What should have been a fine terrace of houses on the Rinuccini private housing development in Portlaoise, stands unfinished facing onto the main road and backs onto the occupied section of the estate (Photocall)
Nothing captures the despair and destruction left behind by the bursting of Ireland's property bubble better than photos like these.
And there are thousands upon thousands of others.
A website has been created (www.ghostestates.com) which reveals the complete scale of the disaster.
It's a Google-map of Ireland with red pins marking the locations of abandoned building sites.
Click on the pin, and you will see a photograph of the estate or site concerned.
The map of Ireland is covered with red pins - every province, every county, almost every town is represented.
The website was the work of ordinary citizens, but this week an official State study was published which put exact numbers and locations on the problem.
The Department of Environment study confirmed there are more than 2,800 ghost estates in Ireland.
Building has started on 120,000 homes in these estates, but only 77,000 are complete and lived in.
That means there are 33,000 empty, vacant, unsold or incomplete houses and apartments across the country.

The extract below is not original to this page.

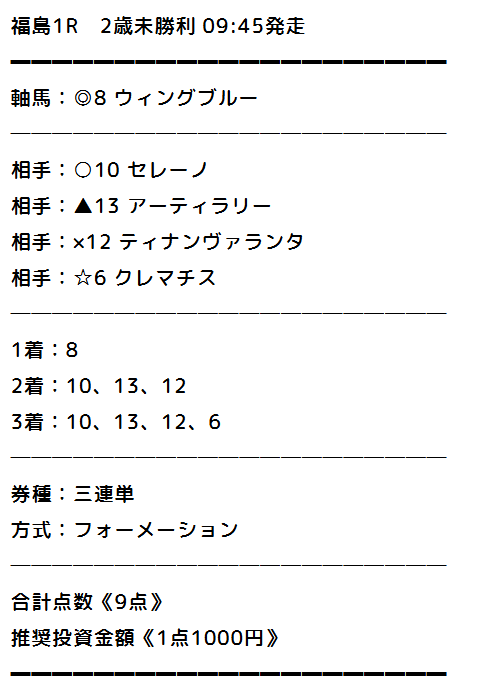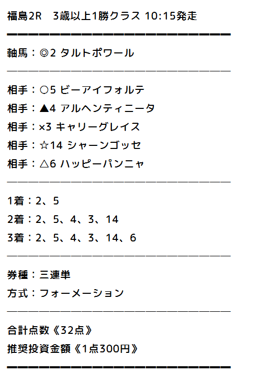 福島2Rの「3歳以上1勝クラス」では、たった1レースで250万円以上の払戻を獲得しています。

Ten thousand of these houses are in the early stages of construction and have been completely abandoned.
In fact, builders are only continuing to work in one-in-six of the ghost estates.
The report breaks down the figures, county-by-county.

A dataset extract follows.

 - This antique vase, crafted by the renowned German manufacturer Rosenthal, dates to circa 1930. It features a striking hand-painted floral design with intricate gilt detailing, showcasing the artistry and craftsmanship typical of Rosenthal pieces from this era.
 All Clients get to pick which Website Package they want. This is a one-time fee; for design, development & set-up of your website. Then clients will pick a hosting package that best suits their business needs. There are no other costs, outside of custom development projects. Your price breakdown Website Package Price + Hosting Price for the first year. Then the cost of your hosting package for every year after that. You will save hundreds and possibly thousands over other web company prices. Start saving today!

Worst affected are Carlow, Leitrim, Roscommon, Sligo and Longford.
Cork has the most unsold homes with 3,427.
But it's not just the empty or abandoned houses that are the problem - the real victims are those who bought houses or apartments in Phase 1 of the developments.
In many cases, homeowners who live on estates where building work has ceased have also been abandoned and left without essential services.
Sewers have been left open on the sites, water is contaminated and security lax.
Thousands of homes are not served by roads, paths and public lighting - many of these essentials would be "finishing touches", undertaken by developers when the entire estate was completed.

The Battery Court luxury new housing development in Longford Town lays unfinished (Photocall)
An expert group has now been set up to look at how to deal with the problem.
It comprises, among others, local authorities, NAMA (the agency set up to take over non-performing loans from banks and pursue developers - it will end up owning many of these estates), representatives of the Construction Industry and health and safety authorities.
The choices they face are stark.
Experts say it could cost up to one billion euro to complete all the estates on which work has begun.
There is simply no money to do this, nor is there a market for all the houses if completed.
A portion of the houses will be taken over by NAMA, and completed and sold for as much as they can get.
Others will be allocated to social housing - good news for those on waiting lists, but perhaps not what many of those who bought houses in these estates for inflated prices were expecting when they took out their massive mortgages.
There has been talk of converting some ghost estates that are near completion into hospice or nursing home communities.
But the awful truth is that hundreds if not thousands of these properties will simply bulldozed to the ground - symbols of the foolishness and recklessness that has brought Ireland to its knees.